--- Recorded data ---

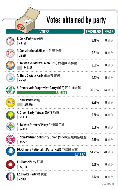 Official results announced by the CEC showed that, other than the DPP and the KMT, no other parties were able to secure more than 5 percent of the party vote.
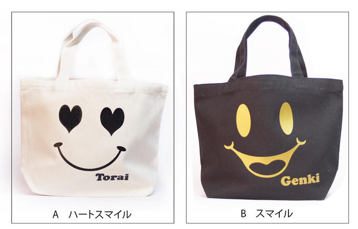 ランチバッグ ランチトートバッグ 名入れ 大人気のスマイル お名前入り キャンバストート■スマイル・バッグ・S■
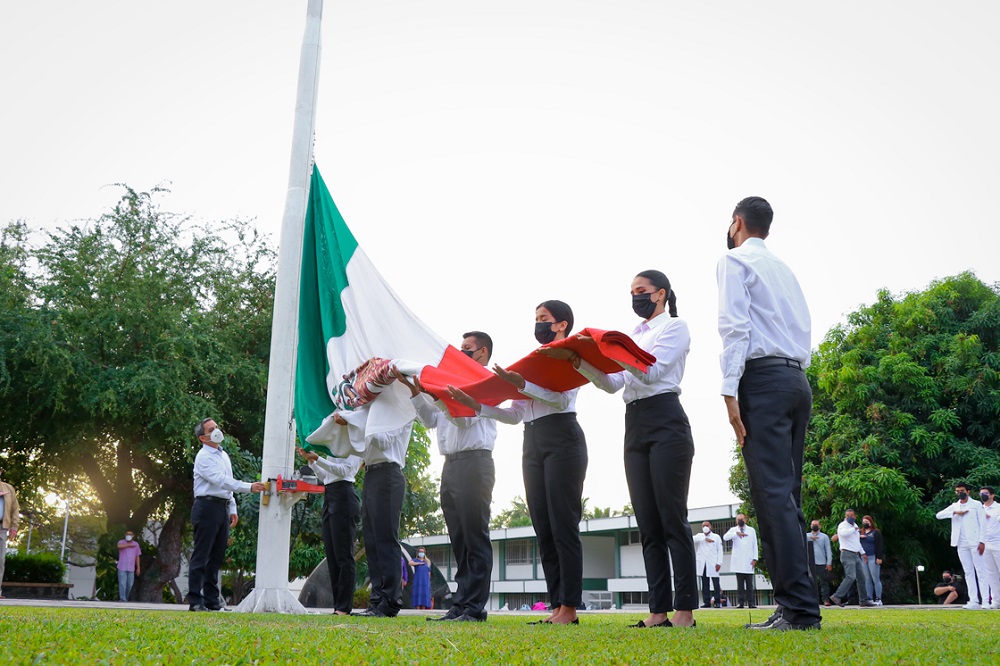 En su discurso, el rector comentó que nuestra Bandera “es uno de los símbolos más representativos de la nación, que nos otorga identidad y refleja nuestra herencia histórica, fincada en un alto sentido de pertenencia hacia una comunidad fuerte y resiliente, que ha encontrado los medios para crecer a pesar de las dificultades”.

---

Exercise: The job here is to retype the data exactly, with no pictures included.

Written response:
 Official results announced by the CEC showed that, other than the DPP and the KMT, no other parties were able to secure more than 5 percent of the party vote.
 ランチバッグ ランチトートバッグ 名入れ 大人気のスマイル お名前入り キャンバストート■スマイル・バッグ・S■
 En su discurso, el rector comentó que nuestra Bandera “es uno de los símbolos más representativos de la nación, que nos otorga identidad y refleja nuestra herencia histórica, fincada en un alto sentido de pertenencia hacia una comunidad fuerte y resiliente, que ha encontrado los medios para crecer a pesar de las dificultades”.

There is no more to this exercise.